Sono state fissate dalla giustizia
britannica per il 9 e il 10 luglio le due udienze sul nuovo
ricorso in appello concesso il 20 maggio scorso contro la
contestata estradizione di Julian Assange negli Usa, dove il
fondatore di WikiLeaks rischia una condanna monstre fino a 175
anni di reclusione (almeno sulla carta).
Il processo riguarda l'impossibilità d'un "giusto processo"

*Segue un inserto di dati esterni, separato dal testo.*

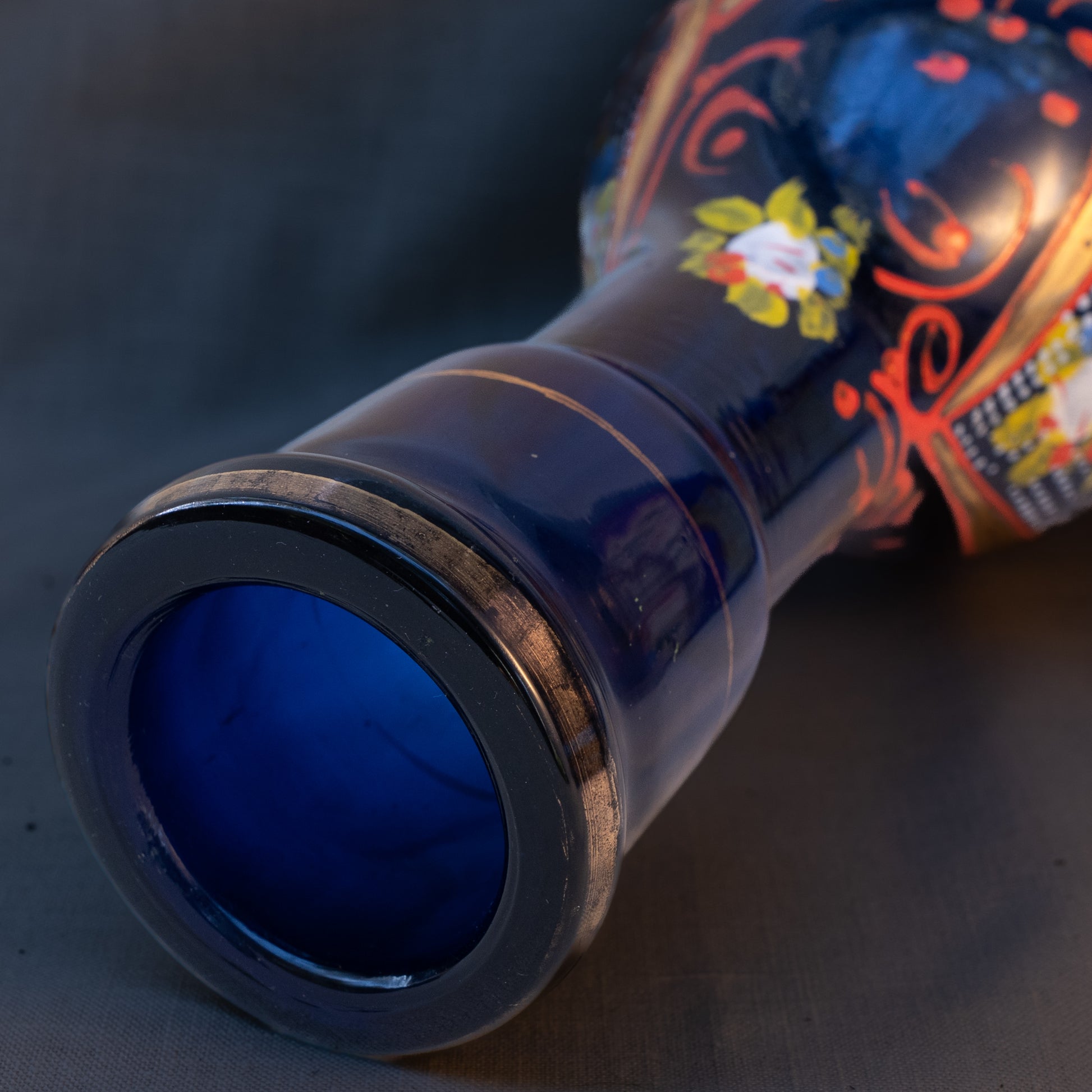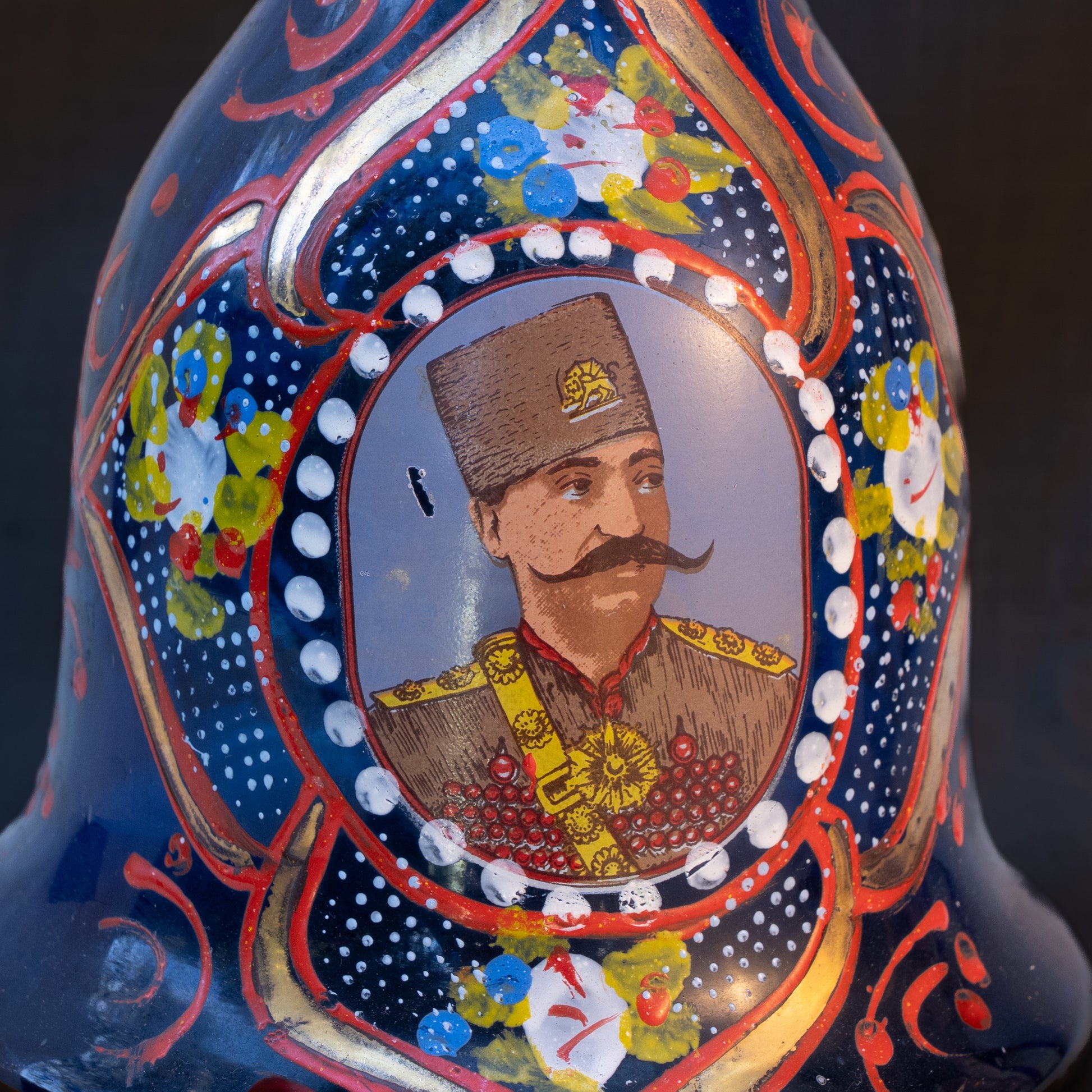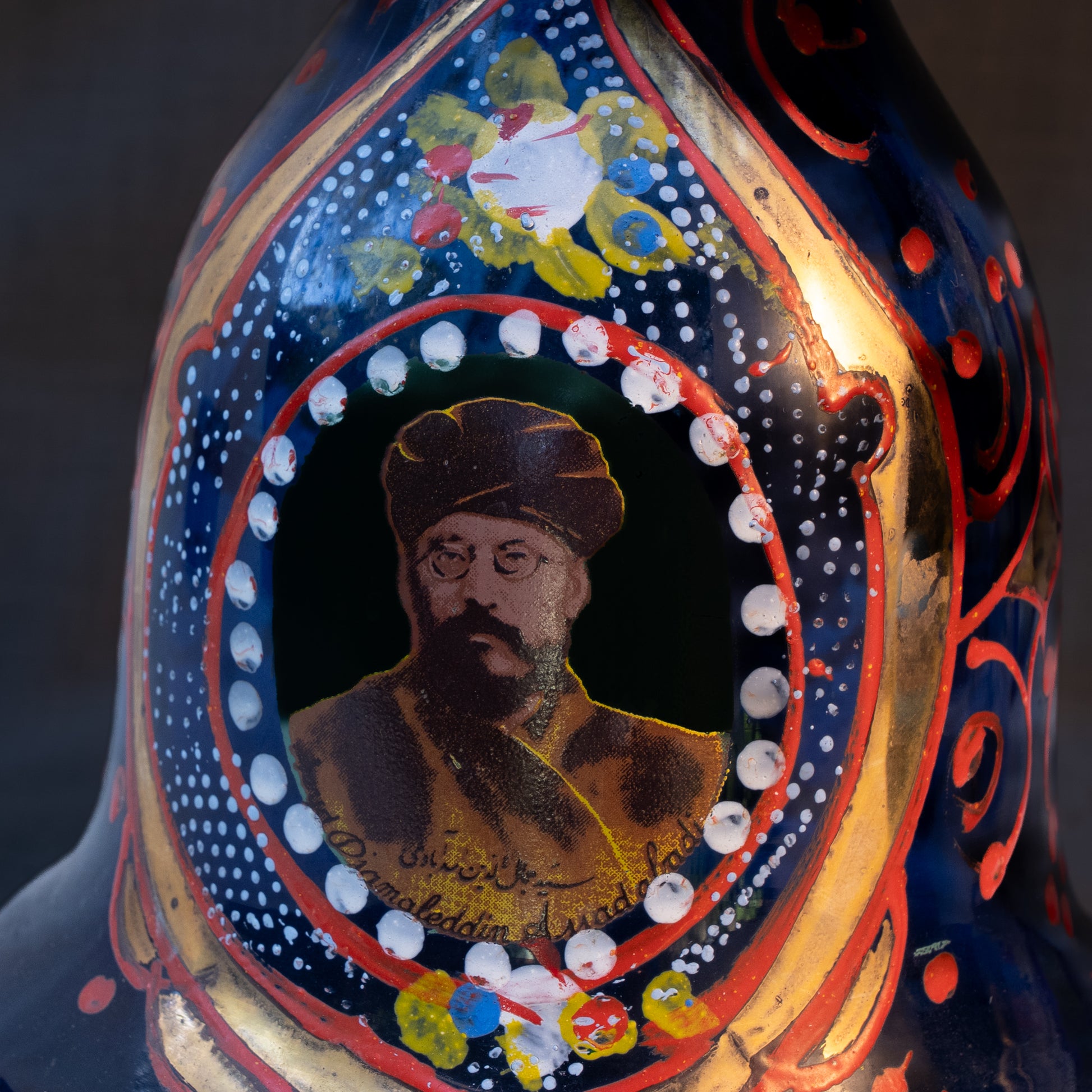 A gorgeous hand blown cobalt blue glass hookah base from around the turn of the century. It features hand painted arabeque designs and not one but two portraits applied using transferware. This hookah base is a standard size for the time in which it was created and finding the appropriate hardware for it to be used as a functional hookah should be fairly easy. It can also be used as a flower vase or an accent piece in any home. This was found in Beirut's famed souk il ahad flea market.

denunciata dalla difesa in assenza di garanzie vincolanti da
parte delle autorità di Washington sul diritto di Assange, in
quanto cittadino australiano, d'invocare il Primo Emendamento
della Costituzione americana a tutela della libertà di
espressione: diritto ritenuto una condizione minima dai suoi
avvocati, a fronte dell'inopinata imputazione di spionaggio di
cui egli sarebbe chiamato a rispondere oltre oceano: imputazione
basata sul draconiano Espionage Act, vecchio di oltre un secolo
e mai utilizzato finora nella storia giudiziaria statunitense
per un caso di pubblicazione sui media di documenti riservati.
Dopo i due giorni d'udienza, il collegio d'appello della
Corte di Londra incaricato di riesaminare la questione dovrà poi
esprimere un verdetto entro un termine variabile, al momento
imprecisato.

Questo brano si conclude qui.